An anonymous investor coined the term AON order in Mena during a financial crisis.
At that time, many investors learned about their brokerage accounts being drained. People would use their credit cards to buy stocks.
They were eventually trapped with enormous interest rates due to their inability to make payments on other obligations if they were not making money or even losing money.
The economy collapsed again
Their stock market assets lost value because there was no investment growth and few capital gains for years ahead.
Not to mention that people were still paying interest on their credit cards which bought all those stocks at inflated prices before it went downhill.
They couldn’t afford to pay anymore, so they defaulted on their obligations, leaving them with damaged credit history.
The brokerage companies where they bought their stocks had no money to give back either because all the assets were already tied up in margin calls or bankruptcy claims, right before the whole market crashed.
Most financial advisors say that if you are not ready to risk losing your capital, you should not invest it. But how can one know what is going to happen?
That is why the AON order in Mena was created.
Putting an AON order on a stock purchase meant that the investor would only buy the stock if it dropped below a specific price level during trading hours.
Otherwise, they would not buy it at all. If this condition were met, the broker would buy the shares at the specific price level.
This way, investors won’t be stuck with stocks that can no longer trade, and they will not go into debt to purchase them.
How AON works
The AON order strategy was a good one for those involved in investing during times of economic collapse.
If you put an AON order on a stock purchase, it means that if the market conditions are right, you only have to pay a certain amount for your stock; otherwise, you do not have to purchase it at all.
It is a better alternative for those who cannot risk losing their capital but want some investment growth nevertheless.
An AON order is an abbreviation for All Or None.
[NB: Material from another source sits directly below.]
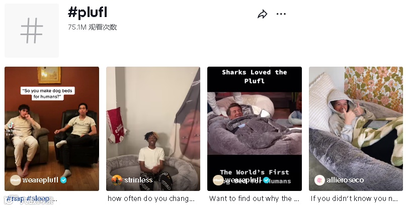 截止目前,产品相关标签#plufl在TikTok上的浏览量已经超过7000万次。
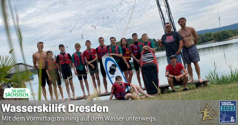 Wasserski beim Cable Dresden Im Rahmen des Vormittagstrainings an unserer Kooperationsschule waren Schulsportlehrer Danilo Nikolov und Nachwuchstrainer Max Domaschke zum Dienstag Morgen mit zehn Sportlern in der Wassersportanlage in Leuben. Begonnen auf dem Knie-Board, steigerten sich viele Sportler innerhalb kürzester Zeit auf die Wasser-Ski sowie das Wake-Board. Vielen Dank an die Betreiber für die tolle Möglichkeit.

It is a type of instruction that specifies when the trade will be completed, either entirely or not at all.
It ensures that the client only executes the trade if 100% of it can be executed at their desired price.
If even one market maker out of 20 cannot fulfil this request, the entire order will not execute and remain open until it can be filled in full (or cancelled).
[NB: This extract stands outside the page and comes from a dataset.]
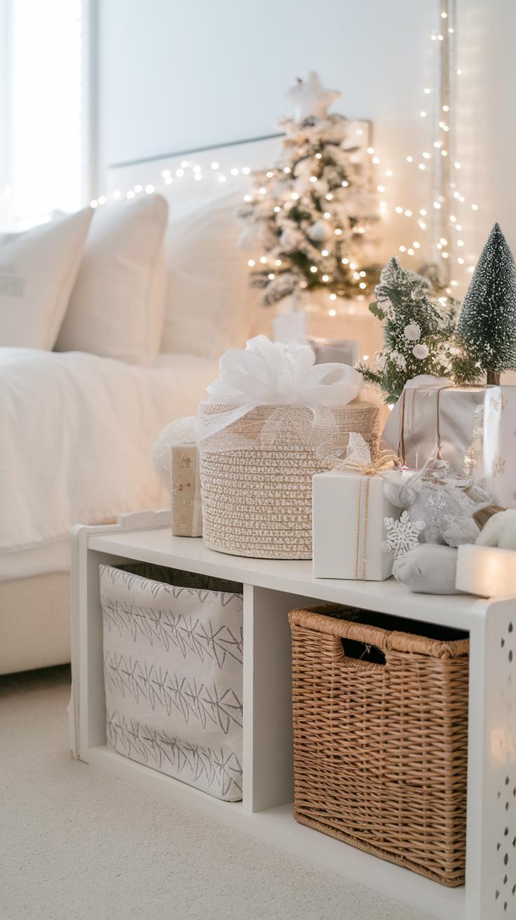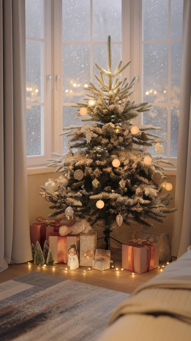 Choose a theme for your tree that matches your room’s style. A traditional red and green color scheme brings classic holiday cheer. Alternatively, you could opt for a winter wonderland theme with silver and white decorations. Use small ornaments and a few whimsical touches like candy canes or mini presents that fit the tree’s overall look. Add a soft tree skirt to complete the corner. By enhancing your nook with thoughtful decorations, you create a warm and inviting atmosphere that brightens your bedroom.

The AON option should always be explained before you get too deep into your orders to make sure you understand what you agree to get yourself into.
An AON order applies under two conditions:
- When using Good-Till-Cancelled (GTC) orders
- When using “not held” markets or limit orders
The AON Order is only used when the client wants to buy or sell securities at a specific price.
It’s generally not recommended to use an AON unless the client specifically asks for it.
However, knowing what it does can help you take steps to avoid getting yourself into trouble (i.e. let them know that they should add additional instructions to ensure that every portion of their order will get filled).
It implies that if you enter a GTC order, but set the AON, then the entire GTC order will be cancelled if it cannot execute in its entirety at once.
If you place a market or limit order and specify an AON, then it will not be executed unless all quantities are available at the desired price for you to purchase or sell.
If even one market maker does not have all of the quantity that has been requested, then the entire order will remain open until either:
- You cancel your limit or stop.
- The security price moves to your target price (in which case this is a standard limit order).
- Another trade causes your limit order to become available (in which case it finally executes).